Selenium requires a driver to imitate the actions of a real user as closely as possible. Since every browser comes with its own unique ways of setting up browser sessions, you’ll need to set up a browser-specific driver for interfacing with Selenium.

So, for your preferred browser, you’ll need to download its supported driver and place it in a folder located on your system’s path.

For this Selenium tutorial, we’ll use the Chrome driver.

Writing Selenium scraping logic

Let’s now write the logic for scraping web data with Python and Selenium. These are the steps we’ll follow.

1. Importing required modules

Let’s import the modules we’ll use in this project. Importing module for launching or initializing a browser:

from selenium import webdriver

Importing module for emulating keyboard actions:

from selenium.webdriver.common.keys import Keys

Importing module for searching for items using the specified parameters:

from selenium.webdriver.common.by import By

Importing module for waiting for a web page to load:

from selenium.webdriver.support.ui import WebDriverWait

Importing module that issues instructions to wait for the expected conditions to be present before the rest of the code is executed:

from selenium.webdriver.support import expected_conditions as EC

2. Initializing the WebDriver

Selenium provides the WebDriver API, which defines the interface for imitating a real user’s actions on a web browser. As earlier mentioned, every browser has its own unique implementation of the WebDriver, called a driver.

Here is how to create an instance of the Chrome WebDriver, which will let us use all its useful features:

PATH = "C:\Program Files (x86)\chromedriver.exe"
driver = webdriver.Chrome(PATH)

Note that we specified the path where the Chrome WebDriver is installed on our Windows machine.

The above code will launch Chrome in a headful mode; that is, just like a normal browser. And a message will appear on the top section of the browser stating that automated software is controlling its behavior.

We’ll illustrate how to launch a headless browser later in this article.

3. Navigating to the web page

Next, let’s use the driver.get method to navigate to the web page we want to scrape its data.

Here is the code:

driver.get("https://www.reddit.com/")

4. Locating the search box

The WebDriver provides a wide range of find_element(s)_by_* methods to locate a single element or multiple elements on a web page. You can use tag names, CSS selectors, XPath, IDs, class names, and others to select elements.

If we examine the Reddit homepage using the inspector tool on the Chrome web browser, we notice that the search box has a name attribute of q.

So, we can use the find_element_by_name method to locate the target element.

Here is the code:

search = driver.find_element_by_name("q")
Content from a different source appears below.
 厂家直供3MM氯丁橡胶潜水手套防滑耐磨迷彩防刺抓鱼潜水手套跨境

5. Entering the search term

Let’s use the send_keys method to specify the term we want to search for in the input field. Then, we’ll use Keys.RETURN to enter the term.
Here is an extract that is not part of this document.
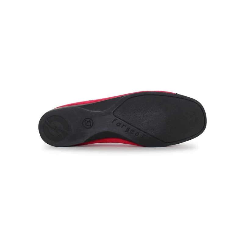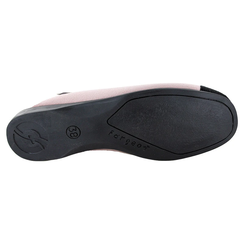 Ravissantes ballerines d’intérieur pour femme de marque Fargeot. Doublées en éponge, elles assurent un confort optimal tout en permettant l’absorption de la transpiration. Un petit talon de 2 cm vient parfaire ces chaussons souples et légers.

This is similar to using the keyboard for performing a search.

Here is the code:

search.send_keys("scraping")
search.send_keys(Keys.RETURN)

6. Locating the search results

Most modern websites use AJAX techniques to load their content. So, when a browser loads the page, all the elements may not be present immediately on the page. When the elements are loaded at different intervals, it makes locating them for scraping purposes difficult.

Fortunately, Selenium WebDriver provides the waits feature to allow us to solve this issue. With waits, you can add a bit of slack between actions, ensuring an element is present in the DOM before you can locate it.

For this tutorial, we’ll use an explicit wait that makes the WebDriver to wait for the element we want to locate to be present on the page before proceeding with the rest of the code execution.

We’ll accomplish this using a combination of the WebDriverWait method and the ExpectedCondition method.

In this case, we’ll instruct Selenium to wait for 20 seconds for the rpBJOHq2PR60pnwJlUyP0 class to be present on the page. If that element is not located within that duration, then a TimeoutException will be thrown.

Note that if we examine the search results, we notice that all the posts are enclosed in a rpBJOHq2PR60pnwJlUyP0 class.

Web scraping with python

Here is the code:

search_results = WebDriverWait(driver, 20).until(
EC.presence_of_element_located((By.CLASS_NAME, "rpBJOHq2PR60pnwJlUyP0"))
) 

7. Scraping the posts’ headings

Next, let’s scrape the headings of the posts on the search results page.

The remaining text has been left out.